Overview and Benefits
Packing applications into Docker containers allows developer to quickly deploy an application with all its dependencies, which are bundled into a single container and deployed anywhere without compatibility issues.
Key benefits of packaging web application in Docker image:
- Simple and faster configurations
- Environment independent deployment
- Rapid application deployment
- Easy and fast deployment
- Symmetric deployment to multiple host
Steps to Package web application into Docker Container –
- Download a Docker file for a tomcat installation from the below URL.
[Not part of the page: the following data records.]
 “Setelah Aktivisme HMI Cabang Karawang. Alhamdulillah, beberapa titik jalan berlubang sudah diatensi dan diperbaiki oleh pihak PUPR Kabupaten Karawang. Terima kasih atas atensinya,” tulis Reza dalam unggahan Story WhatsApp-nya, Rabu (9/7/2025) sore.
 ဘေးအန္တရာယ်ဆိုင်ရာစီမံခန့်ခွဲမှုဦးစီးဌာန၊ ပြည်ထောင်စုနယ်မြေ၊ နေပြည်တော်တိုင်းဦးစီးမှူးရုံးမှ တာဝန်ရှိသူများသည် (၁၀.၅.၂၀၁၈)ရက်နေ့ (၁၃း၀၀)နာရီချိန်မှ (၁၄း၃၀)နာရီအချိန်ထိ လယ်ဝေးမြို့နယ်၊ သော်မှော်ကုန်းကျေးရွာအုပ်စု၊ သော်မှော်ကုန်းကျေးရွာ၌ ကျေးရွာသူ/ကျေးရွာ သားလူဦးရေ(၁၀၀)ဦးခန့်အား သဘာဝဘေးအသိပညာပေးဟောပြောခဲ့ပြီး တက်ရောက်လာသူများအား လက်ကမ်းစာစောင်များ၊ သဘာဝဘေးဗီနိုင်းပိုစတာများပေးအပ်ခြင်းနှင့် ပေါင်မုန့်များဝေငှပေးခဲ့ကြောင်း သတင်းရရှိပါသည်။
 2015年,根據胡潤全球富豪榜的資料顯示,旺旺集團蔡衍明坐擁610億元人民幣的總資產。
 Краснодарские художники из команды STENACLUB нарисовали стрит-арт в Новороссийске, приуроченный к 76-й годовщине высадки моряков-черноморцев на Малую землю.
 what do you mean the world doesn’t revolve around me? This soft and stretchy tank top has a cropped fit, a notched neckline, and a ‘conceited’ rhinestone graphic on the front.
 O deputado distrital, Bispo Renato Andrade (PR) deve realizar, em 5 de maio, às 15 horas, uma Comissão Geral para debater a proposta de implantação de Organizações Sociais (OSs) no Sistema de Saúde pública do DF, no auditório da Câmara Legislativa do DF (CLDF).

- Build an image using the Docker file:
docker build -t <tomcat>
- Run the container and map host port 9002 to container’s port 8080:
docker run -d -p 9002:8080 <image_id>
- Deploy the sample war file to the tomcat
Copy the sample war file to the container’s tomcat webapps folder:
docker cp <sample_war> <container_id>:/usr/local/tomcat/webapps
- Get inside the running container
docker exec -it <container_id> bash
- Change directory to bin and Stop tomcat:
cd bin; ./catalina.sh stop
- Start tomcat:
- Exit the container
The container is modified and it has the sample war file which is running at port 9002.
- Commit the changes made to the container:
docker commit -a <author_name> <container_id> <repo_name>:<tag_name>
- Stop and remove all running containers
docker stop $(docker ps -a -q)
- Create container using image created above which have tomcat installation with CAE war file deployed to webapps folder:
docker run -d -p 9002:8080 <image_id>
- Tomcat would be up and running with sample application deployed on it.
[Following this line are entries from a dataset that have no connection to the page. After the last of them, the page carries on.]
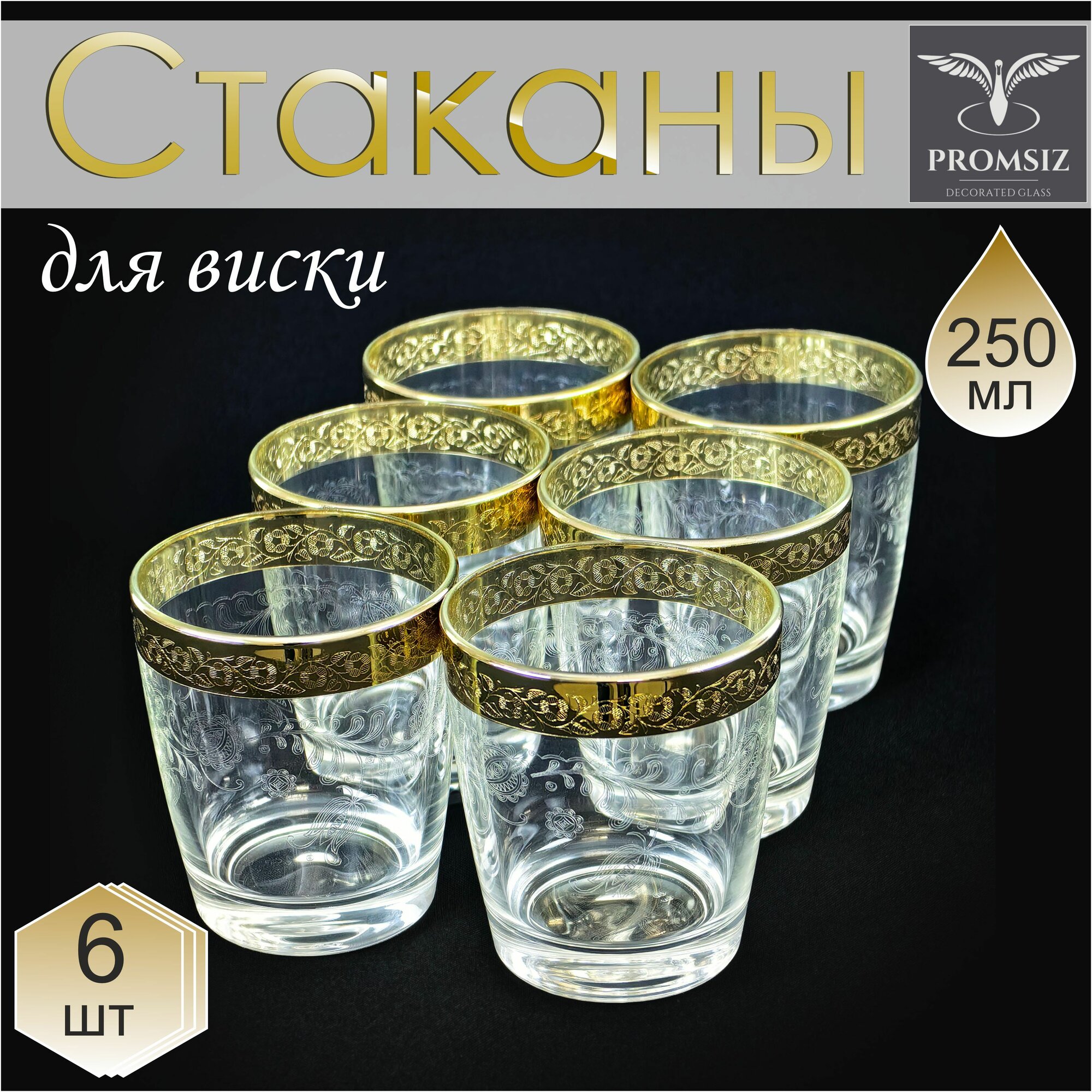 Подарочный набор стаканов для виски с алмазной гравировкой PROMSIZ барокко 255 мл, 6 шт.
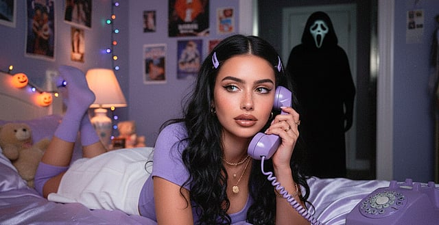Con esta foto mía y sin cambiar las caracteristicas del rostro, crea un retrato de ensueño estilo Y2K de mi acostada sobre una brillante ropa de cama de satin lila mientras sostengo un gran teléfono con cable estilo años 90 color lila y en una pose pensativa de ensueño, su largo cabello negro cae libremente en rizos sueltos en tono con clips lilas en cada lado. Tengo puesta una blusa color lila de manga corta, falda blanca tableada corta y calcetas lilas, recostada boca abajo. Uso joyas delicadas que incluyen delicados collares y accesorios de oro y anillos gruesos de oro. La habitación detrás de mí es femenina y de ensueño con carteles de estilo años 90, con peluches de ositos. Su maquillaje es simple pero glamoroso con brillo de labios marrón y delineador de labios marrón y su delineado negro perfectamente delgado. La foto debe tener un estilo granulado de los años 90 con una fuente de luz como una lámpara en una habitación con poca luz por la noche. El asesino de Ghostface debería estar detrás de mí, mirándome, su cuerpo debería estar tenuemente iluminado y debería estar parado en la puerta de un pasillo con poca luz. El fondo detrás de él debería ser ligeramente oscuro y siniestro. La foto es tomada de noche y solo alumbra un lamparita de noche y luces color tenue tipo navidad, con temática de Halloween
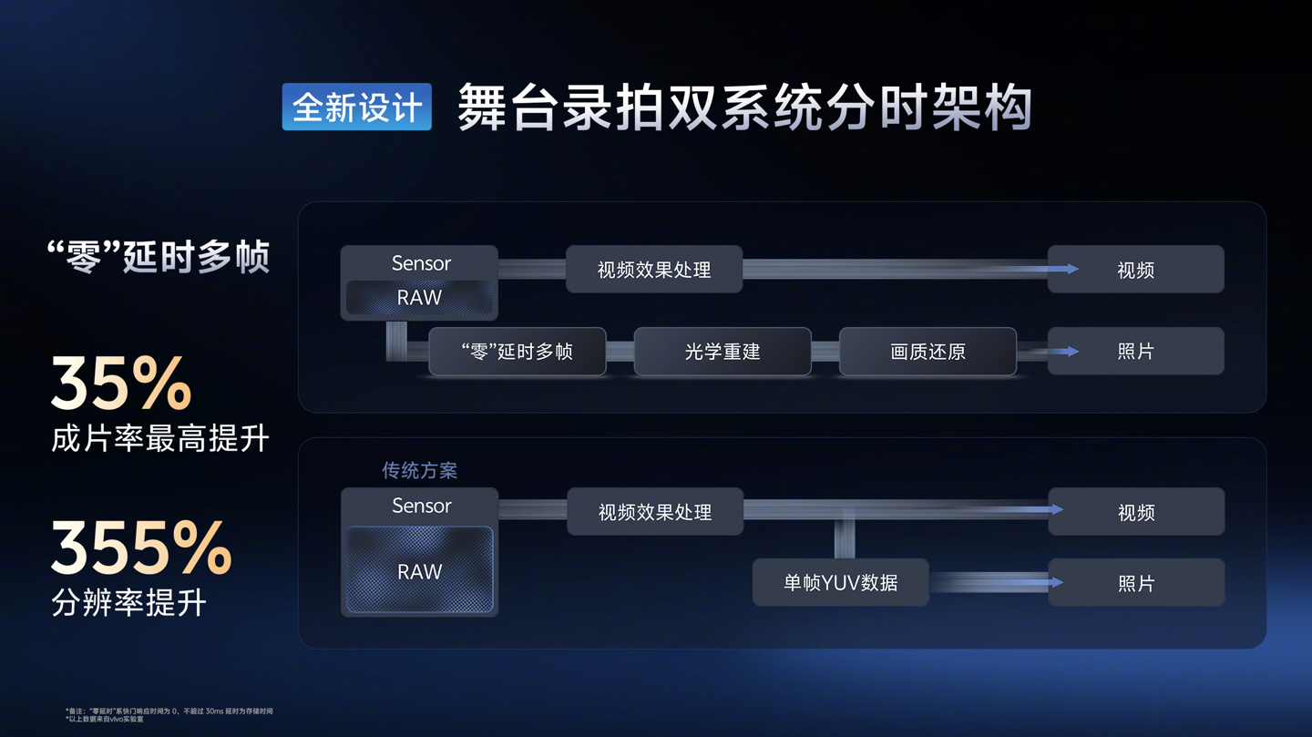 以上算法,依赖 vivo 蓝图自研影像芯片 VS1,这是 vivo 首款前处理大算力 AI ISP 影像芯片。
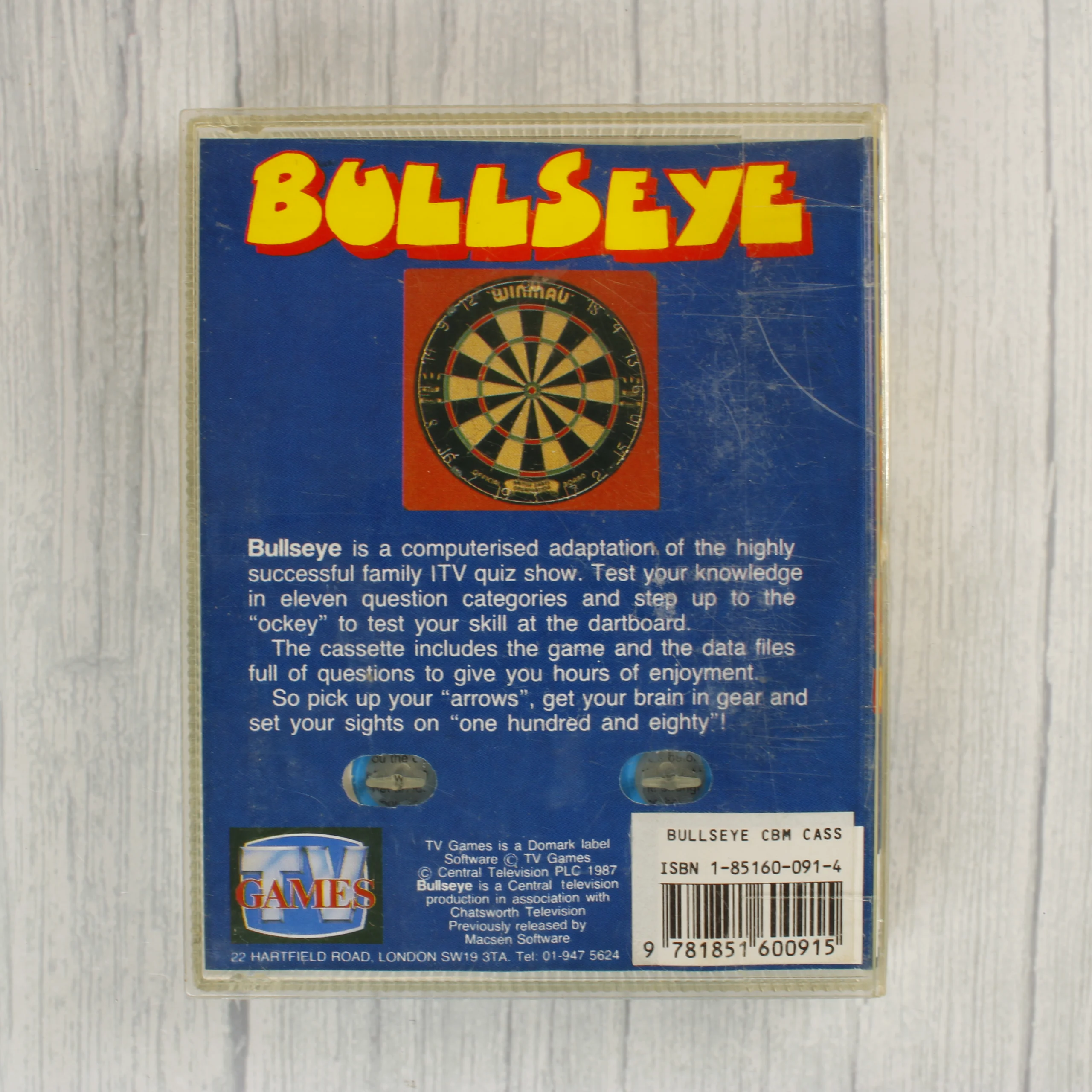 A Bullseye egy Commodore 64 platformra megjelent videójáték, amely az azonos című brit televíziós kvízműsor alapján készült. A csomag tartalmaz egy kék színű műanyag kazettát, amelyen fehér alapon piros feliratok láthatóak, valamint egy átlátszó műanyag tokot a hozzá tartozó színes papírborítóval. A borító előlapján a műsor kabalafigurája, Bully látható egy televízió képernyőjén, míg a hátoldalon a játék leírása és egy céltábla képe szerepel. A kiadvány a TV Games gondozásában jelent meg 1987-ben. A fizikai hordozó és a papír alapú kiegészítők állapota korának megfelelő, a műanyag tokon használatból eredő karcok és kopások figyelhetőek meg.

Container Deployment on AWS
Push Docker Image on repository
The first thing that we need to do before we deploy our app to AWS is to publish our image on a registry which can be accessed by AWS. There are many different Docker registries you can use (you can even host your own). For now, let’s use Docker Hub to publish the image.
If this is the first time you are pushing an image, the client will ask you to login. Provide the same credentials that you used for logging into Docker Hub.
$ docker login
$ Username: your_username
$ Password: your_password
To push your image to Dockerhub repository,
$ docker push docker_username/app_name
AWS Elastic Beanstalk (EB) is a PaaS (Platform as a Service) offered by AWS. To use AWS Elastic Beanstalk we need a functioning AWS account.
- Login to AWS console – http://console.aws.amazon.com
- Click on Elastic Beanstalk or use this link – http://console.aws.amazon.com/elasticbeanstalk
- Click on “Create New Application” in the top right
- Give your app a memorable (but unique) name and provide an (optional) description
- Click on “Next”
- In the New Environment screen, choose the Web Server Environment
- Click on “Create web server”
- In the Environment Type screen, choose Docker from the predefined configuration. Choose Environment type as “Load balancing, auto scaling” and Click on “Next”
- Create a Dockerrun.aws.json file and put the information about your Docker image
- In the Application version page, select the source and upload the Dockerrun.aws.json file
- Leave rest of the options as it is and click “Next”
- In the Environment Information page, give an environment name and environment URL, Click “Next”
- In the additional resources page, click “Next”
- In the configuration details, select instance type as “t2.micro” and leave rest of the options as default and click “Next”
- On the Environment Tags and Permissions page, click “Next”. At the end, you’ll see a “Review Page”. If everything looks good, go ahead and press the “Launch Button”.
- The final screen will show you a few spinners indicating that your environment is being set up. It typically takes around 5 minutes for the first-time setup.
- Go ahead and open the URL in your browser and you should see the application running.